A key feature of PYLON is the ability to classify data with custom rules and then use this to greatly increase you analysis options.

Scoring is the mechanism that allows you apply Machine Learning to data. You can use scores you've added to data in both your analysis query filters and as targets to be analyzed. Talk to your account manager to learn more.

Analysis Query Filters

By adding scores to data you give yourself many more ways to subset your data for more analysis that specifically is tailored to your use case.

When you submit an analysis query you can provide an optional filter using the filter parameter. This parameter accepts CSDL allowing you to subset the data in your index before the analysis is run.

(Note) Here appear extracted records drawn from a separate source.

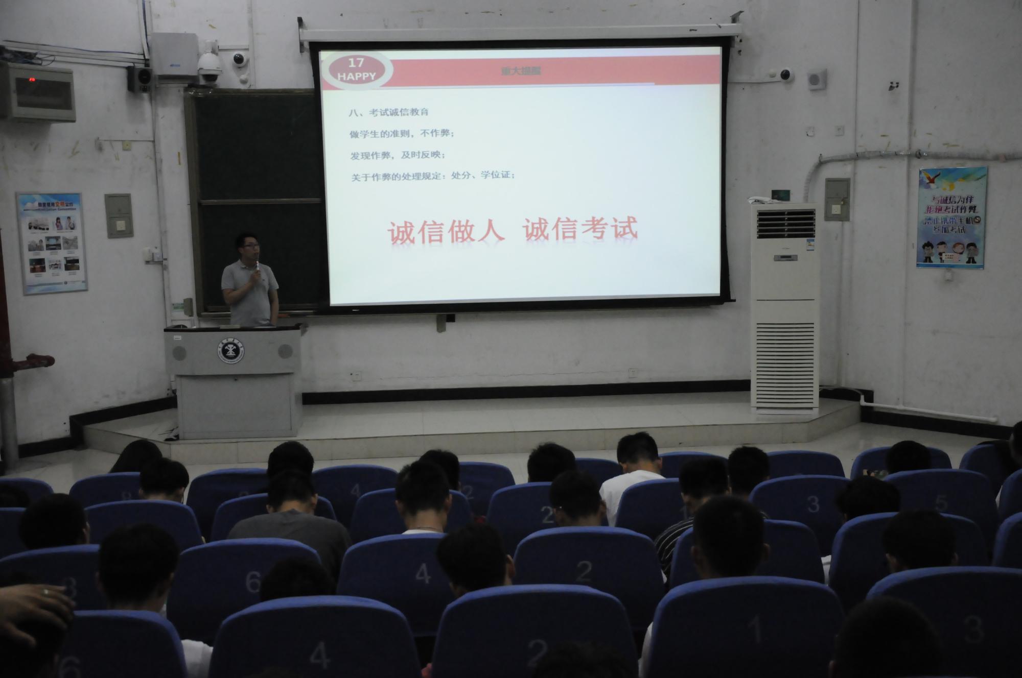 大会伊始,同学们在各班班长的组织下准时到达开会地点并有序就座。首先,李亮老师对本学期的情况进行了总结,指出了年级在本学年期所取得的成绩和存在的不足。临近期末,考试较多,李亮老师提醒大家要诚信做人,诚信考试。随后,他就选课、假期安全、认识实习、宿舍安全卫生、大三规划等问题进行讲解和提醒。他还希望同学们可以在假期内调整状态,多读书,提升自己的文学素养,并对自己以后的学习和生活做好规划。
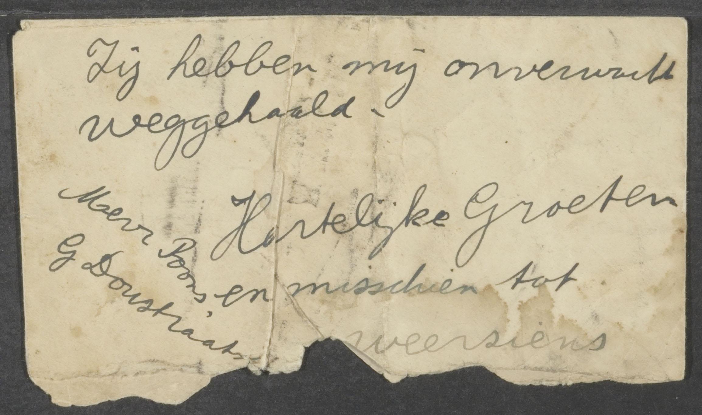 Afscheidsbriefje van mevrouw Poons uit de Gerard Doustraat in Den Haag aan haar buurvrouw mevr. Van der Linden-Beuker, circa 1942
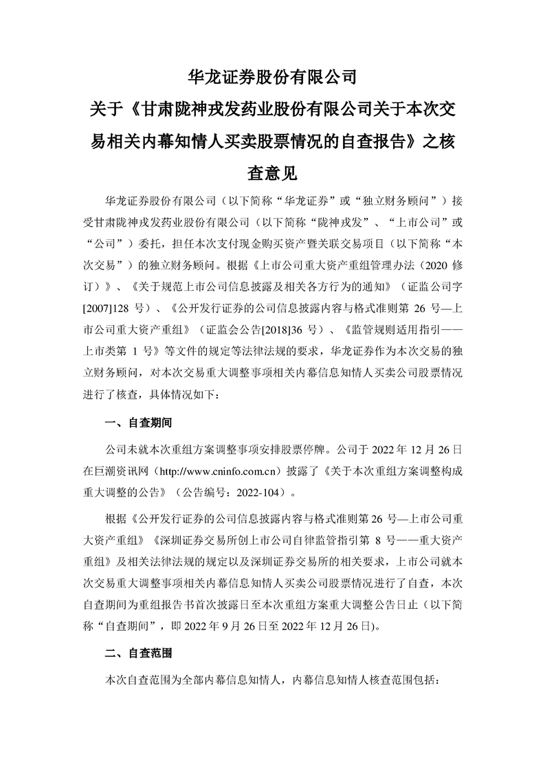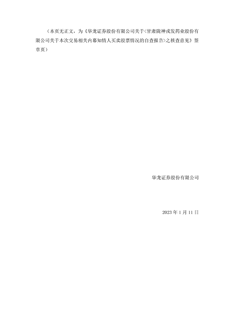 華龍證券股份有限公司關(guān)于《甘肅隴神戎發(fā)藥業(yè)股份有限公司關(guān)于本次交易相關(guān)內(nèi)幕知情人買賣股票情況的自查報(bào)告》之核查意見
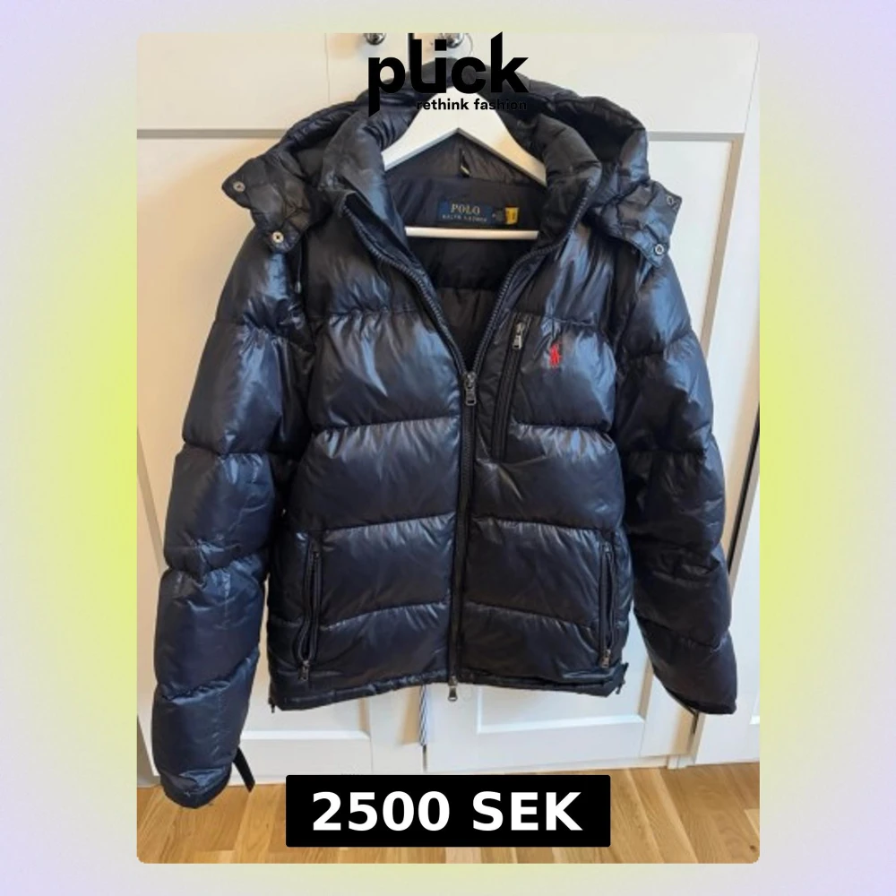 Snygg marinblå pufferjacka från Polo Ralph Lauren med huva och dragkedjor framtill. Hel och i fint skick när man tittar på jackan. Pyttelitet hål under luvan, mindre än ett knapphål. Höger ärm, litet hål samt på mudden (se bild). Köpt på Hede outlet i Kungsbacka för ett år sedan. För liten för sonen nu därav försäljningen.

For example you could add the following scoring rules to your interaction filter for your recording to identify marketing SPAM (for the full example see the library):

tag.individual_selling 0.336973434597112 {fb.content contains_any "sale" or fb.parent.content contains_any "sale"} 
tag.individual_selling 0.694614877883376 {fb.content contains_any "trade" or fb.parent.content contains_any "trade"} 
tag.individual_selling -0.016319634970781 {fb.content contains_any "buy" or fb.parent.content contains_any "buy"} 
tag.other -0.383526852468688 {fb.content contains_any "sale" or fb.parent.content contains_any "sale"} 
tag.other -1.169380923788089 {fb.content contains_any "trade" or fb.parent.content contains_any "trade"} 
tag.other -0.125093031952464 {fb.content contains_any "buy" or fb.parent.content contains_any "buy"} 
tag.marketing -0.406040918914267 {fb.content contains_any "deposit" or fb.parent.content contains_any "deposit"} 
tag.marketing -0.016257468216822 {fb.content contains_any "sell" or fb.parent.content contains_any "sell"} 
tag.marketing 0.045705906076719 {fb.content contains_any "chance" or fb.parent.content contains_any "chance"}

With these rules in place you can now subset data by the classes detected:

  • marketing: Automated or company generated marketing
  • individual_selling: Individuals selling items
  • other: Content which is not marketing or selling

note icon


When scoring rules are run in an interaction filter the class with the highest total score for the interaction is considered the 'winning' class. The interaction.ml.categories target exposes the winning class for each interaction so that the class can be used in query filters and analysis queries.

For example you could use the following filter to analyze just interactions that aren't considered SPAM:

interaction.ml.categories == "other"

Or, you could filter to multiple classes:

interaction.ml.categories IN "other, individual_selling"

If you're looking to analyze for example the top links shared by an audience, you now have the abillity to analyze this excluding SPAM:

{
    "analysis_type": "freqDist",
    "filter": "interaction.ml.categories == \"other\"",
    "parameters": {
        "target": "links.url",
        "threshold": 5
    }
}

Analysis Targets

By adding scores to data you can perform frequency distribution analysis on the scored data.

When you submit an analysis query you can specify interaction.ml.categories as your analysis target, this will analyze the 'winning' classes assigned to each interaction.

For example:

{
    "analysis_type": "freqDist",
    "parameters": {
        "target": "interaction.ml.categories",
        "threshold": 3
    }
}